● PROBLEM REQUIREMENTS: Nothing but the lines below, from the first through the line containing "Kitchen/Dining Room - 3.822", should be set down, each one exactly and without pictures.

[Data extracted from a collection]
=== Begin Enclosure ===

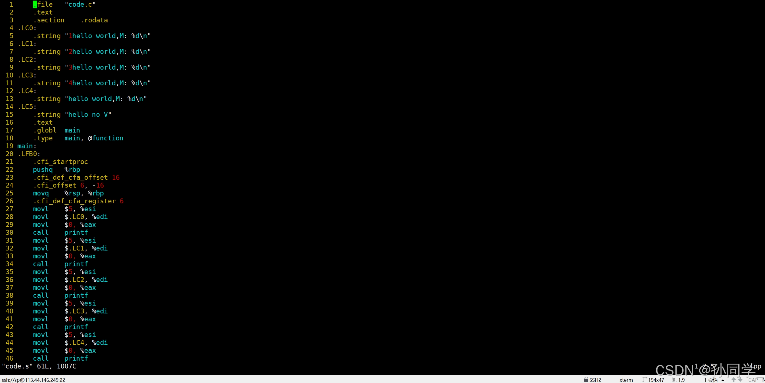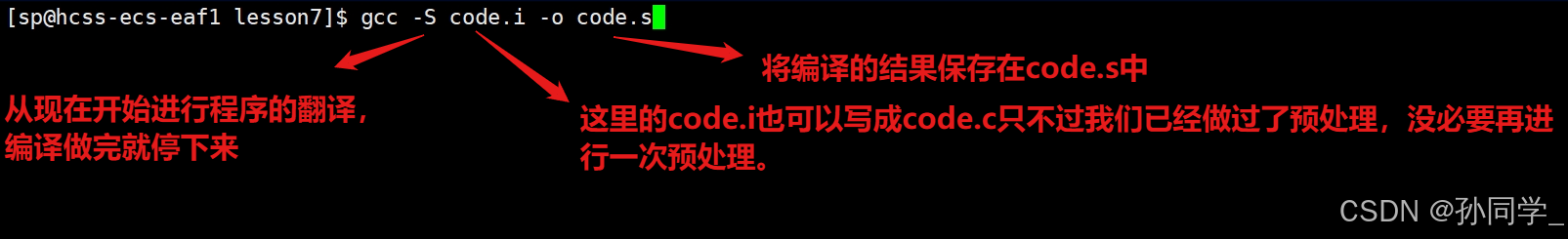 -S选项来进行查看,该选项只进进编译而不进行汇编,生成汇编代码。gcc –S code.i –o code.s 例如:gcc -S code.i -o code.s
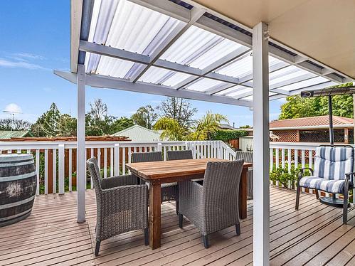 Outdoors, the 664m² section is designed to offer more than just lawn. A covered deck frames the back, the garden is private and mature and raised beds are ready for veges or flowers. There's a garage, carport & concrete pad for the motorhome, an extra studio that opens the door to hobbies, work-from-home or storage. It's a property with small surprises that add up to real value.
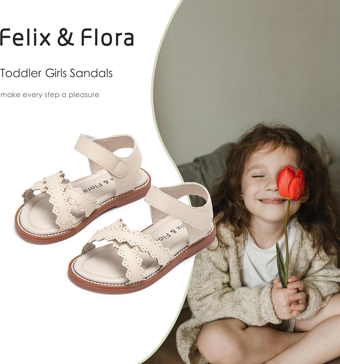 Felix & Flora Toddler Girl Sandals – Little Girl Easter Summer Dress Shoes Lightweight Open Toe Beach Holiday.(Bc286-apricot)
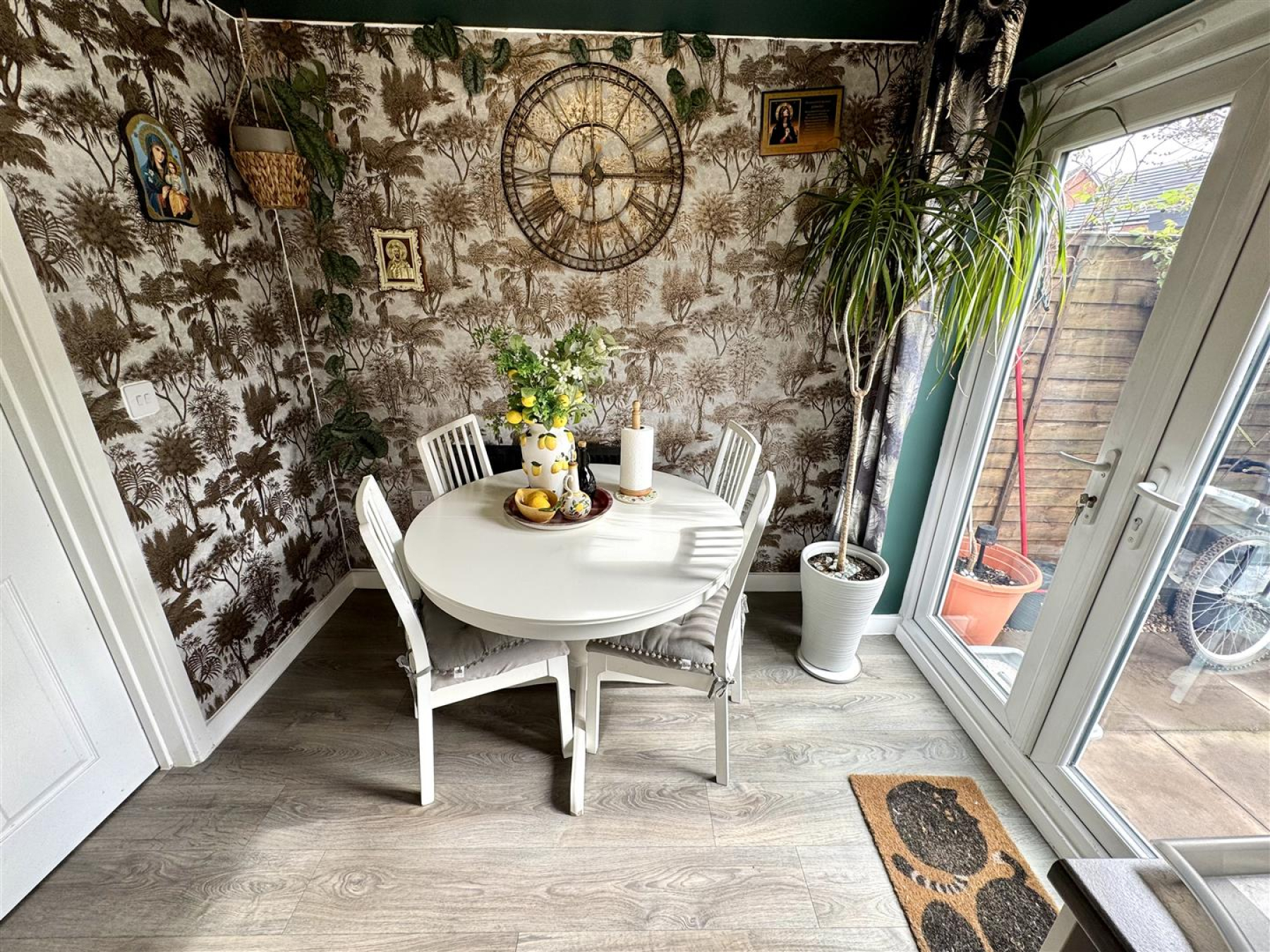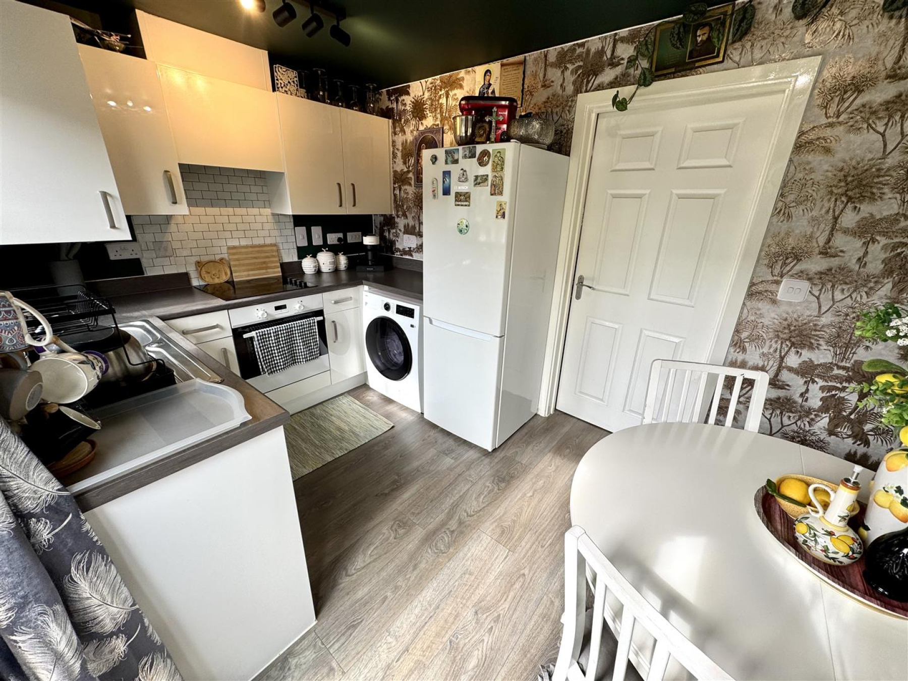Kitchen/Dining Room - 3.822 x 2.474 (12'6" x 8'1") - Fitted with matching high gloss wall and base units including cupboards and drawers, built in electric hob and oven with cooker hood, inset one and a half bowl stainless steel sink unit with mixer taps, roll top work surfaces with tiled splash back areas, with space for upright fridge freezer along with plumbing for washing machine and dishwasher, finished with laminate flooring. Double glazed window to the rear aspect and French doors leading into the garden.
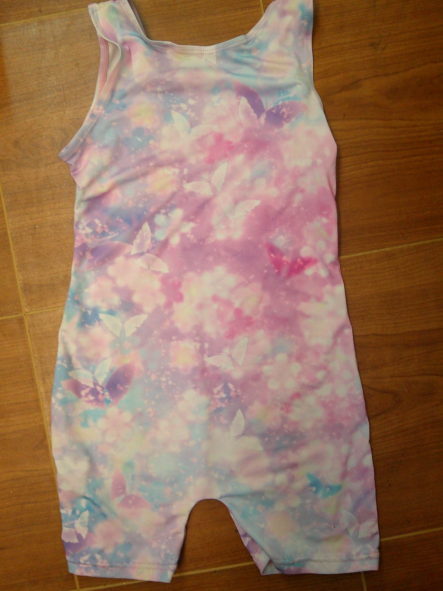 Pre-Owned Gymnastics Leotard Medium Child Buttefly Print Biketard Acro Jazz
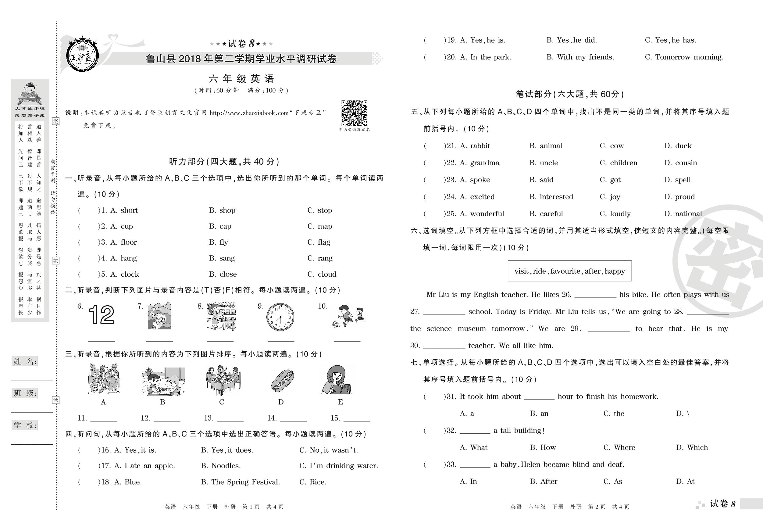 2017-2018学年第二学期平顶山市鲁山县六年级英语试卷(外研版)【8】
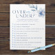 Blue Over oder Under Shower Game Pack Notepad. Enthält 40 leicht zerreißende Blätter. Lassen Sie Ihre Gäste erraten, ob die Aussagen vorbei sind, unter oder durch Umkreuzen ihrer Antwort. Mit wunderschönen Aquarellblau blühenden Blume. Teil unserer Brautparty-Kollektion "etwas Blau vor mir". Karo jetzt mit anderen passenden Spielen im Shop!
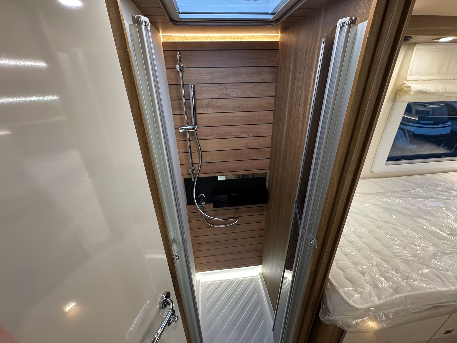 - Separate große Dusche und WC mit Staufächern
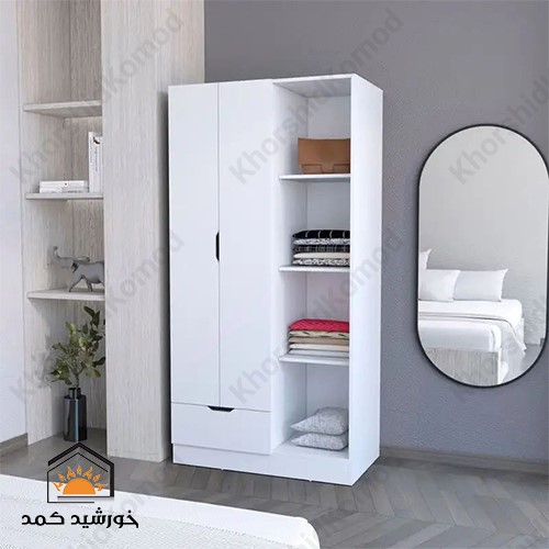 - یک در و سه قفسه: کمد مدل سرو دارای یک در است که به شما این امکان را میدهد تا به راحتی به محتوای داخل کمد دسترسی پیدا کنید. همچنین، سه قفسه داخلی به شما کمک میکند تا وسایل خود را به خوبی سازماندهی کنید. این قفسهها مناسب برای نگهداری لباسها، کتابها، لوازم جانبی و سایر اقلام شخصی هستند.
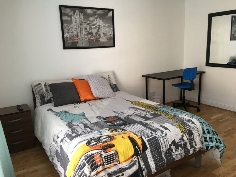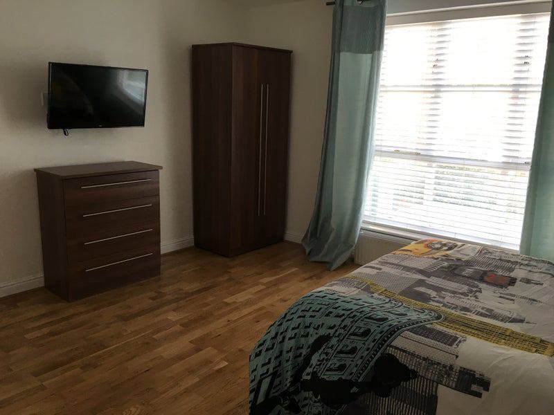 The room is very spacious and includes 2 wardrobes, a double bed with bedsides, TV with TV Licence, wall radiator, chest of drawers, a desk and a chair. There is plenty of storage in the room and in the house that can be used to store your belongings.
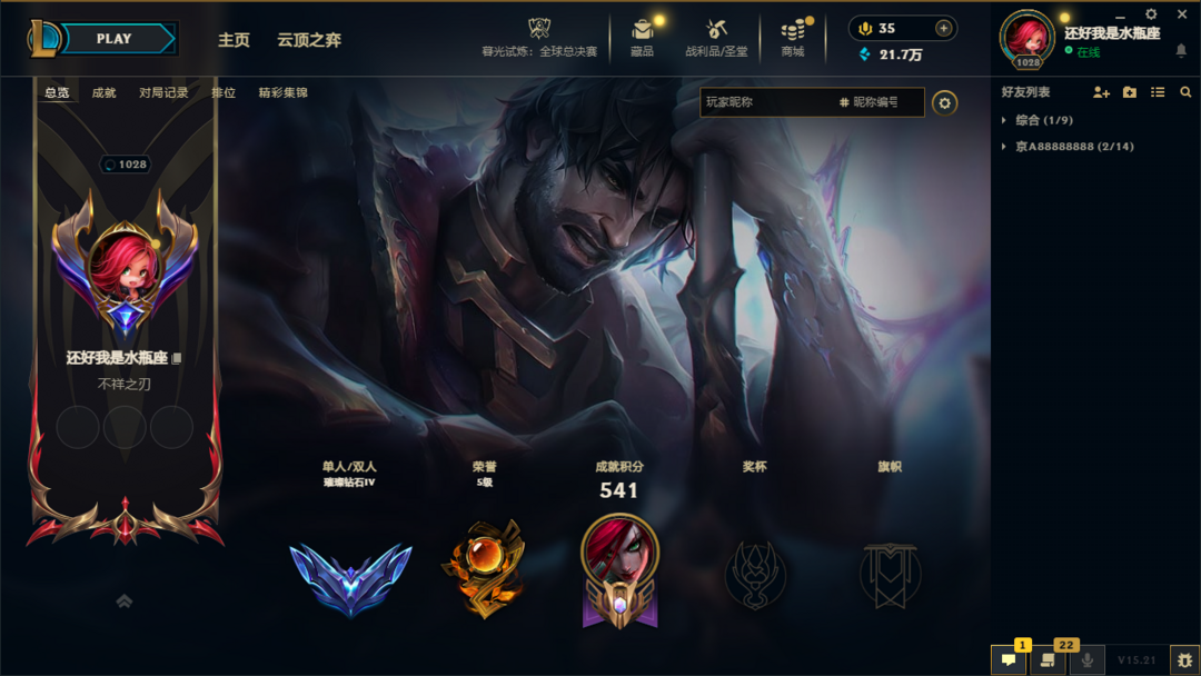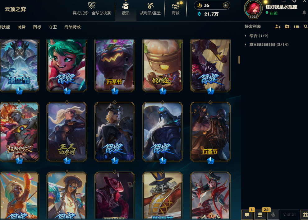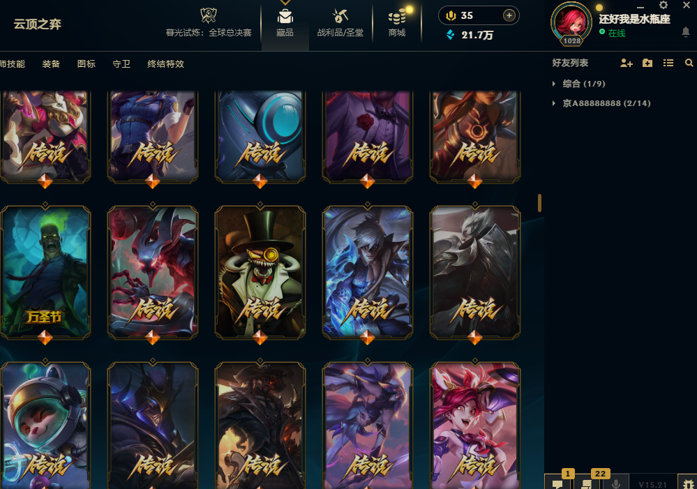 黑色玫瑰1300皮肤钻石可排位摄魂名人堂VN创战纪海之歌永恩斗魂佛耶戈冠军瑞兹IG卡莎黑夜黎明神龙瞎

=== End Enclosure ===

● RESPONSE AREA:
 -S选项来进行查看,该选项只进进编译而不进行汇编,生成汇编代码。gcc –S code.i –o code.s 例如:gcc -S code.i -o code.s
 Outdoors, the 664m² section is designed to offer more than just lawn. A covered deck frames the back, the garden is private and mature and raised beds are ready for veges or flowers. There's a garage, carport & concrete pad for the motorhome, an extra studio that opens the door to hobbies, work-from-home or storage. It's a property with small surprises that add up to real value.
 Felix & Flora Toddler Girl Sandals – Little Girl Easter Summer Dress Shoes Lightweight Open Toe Beach Holiday.(Bc286-apricot)
Kitchen/Dining Room - 3.822 x 2.474 (12'6" x 8'1") - Fitted with matching high gloss wall and base units including cupboards and drawers, built in electric hob and oven with cooker hood, inset one and a half bowl stainless steel sink unit with mixer taps, roll top work surfaces with tiled splash back areas, with space for upright fridge freezer along with plumbing for washing machine and dishwasher, finished with laminate flooring. Double glazed window to the rear aspect and French doors leading into the garden.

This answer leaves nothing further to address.